The invocation of Lincoln by an introductory speaker brought cheers from the crowd but could not bring the Senator's vacant eyes off the shoetops of the person next to him. And before he was four minutes into his demand for "law and order in this nation," he betrayed his ennui, one might say world sadness; the teleprompter stopped, so did Goldwater, and for one long moment his eyes went up and back into his mind, slowly searching for the key phrase which would unleash a mindless string of sentences to sustain him until he could switch back to the safety of the moving words.
Perhaps Senator Saltonstall most succinctly caught the tone of the evening when he rendered a variation on the ageless rhetorical device by introducing Goldwater as "the man who is not...." For the man who was to give a choice not an echo is now reduced to fighting with vague cries, against crime and for morality, his shibboleth being, "in your hearts you know I'm right." On almost any issue of substance the erstwhile challenger is on the defensive, his own words echoing uncomfortably around his ears. "I am," he must tell even his partisan audience, "not a warmonger but a peacemonger." "Let me make this absolutely clear," he repeats again and again.
That Goldwater has constantly been forced to explicate his rather ambivalent texts is of course nothing extraordinary; but his wearied; pro-forma rebuttals suggests new sense of the frustration of it all.

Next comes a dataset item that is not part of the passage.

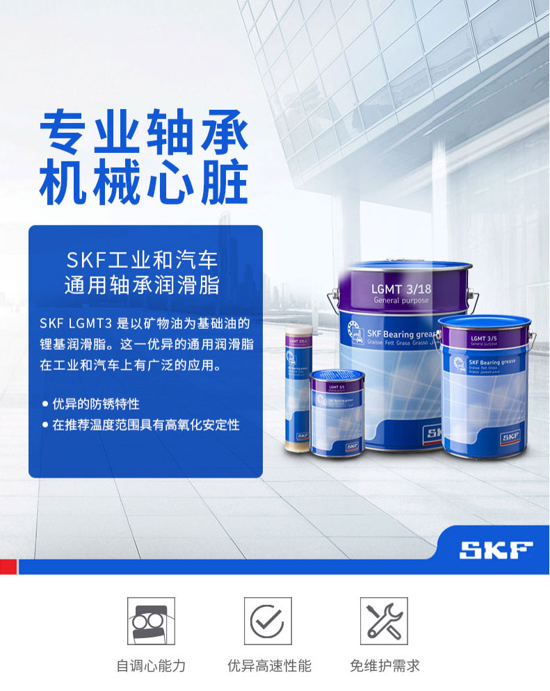 SKF工业和汽车通用轴承润滑脂 SKF LGMT3是以矿物油为基础油的锂基润滑脂。这一优异的通用润滑脂在工业和汽车上有广泛的应用。

The loss of momentum is seen too in Goldwater's choice of words. In 1960, Nixon telegraphed his own sense of defeat when he began to adopt Kennedy's language, when he too insisted that America must move forward. Now it is Goldwater solemnly (and unconsciously) explaining the need for prudence and responsibility in the Executive branch.
This is not to say that the Senator has abandoned those stylistic pecularities which have drawn so much criticism. He is still the master of the blinding contradiction; his administration, as Walter Lippman tells us bi-weekly, will try to reduce the size of the Federal government while somehow reducing crime throughout the nation and building up defenses to thwart communism abroad. He still expounds the paradoxical platitude--at once grandiose and simplistic; to stop crime the President, "in making appointments to the federal judiciary, must consider the need to redress constitutional interpretation in favor of the public (underlining his)." And he still reveres history while being blatantly a historical.
But the assured relaxed frankness which makes up much of the Goldwater image was muted. As one national reporter who has been travelling with the Senator put it, "For about the last week he has been in a cocoon, thinking his own thoughts even while speaking." This sounds suspiciously like introspection, a quality no one has yet accused Goldwater of possessing.
With a little over a month to go and the polls, the press, and a mostly political President Johnson conspiring against his efforts to reach the "people," those minions outside the ambitions of big business, big labor and big government, Goldwater may be losing his poise and confidence; the reporter suggested his will to win. This may have little bearing on the election's final outcome, but it could have a vital effect on what many people consider a more important (that is, uncertain) matter, his leadership of the Republican party after November 3.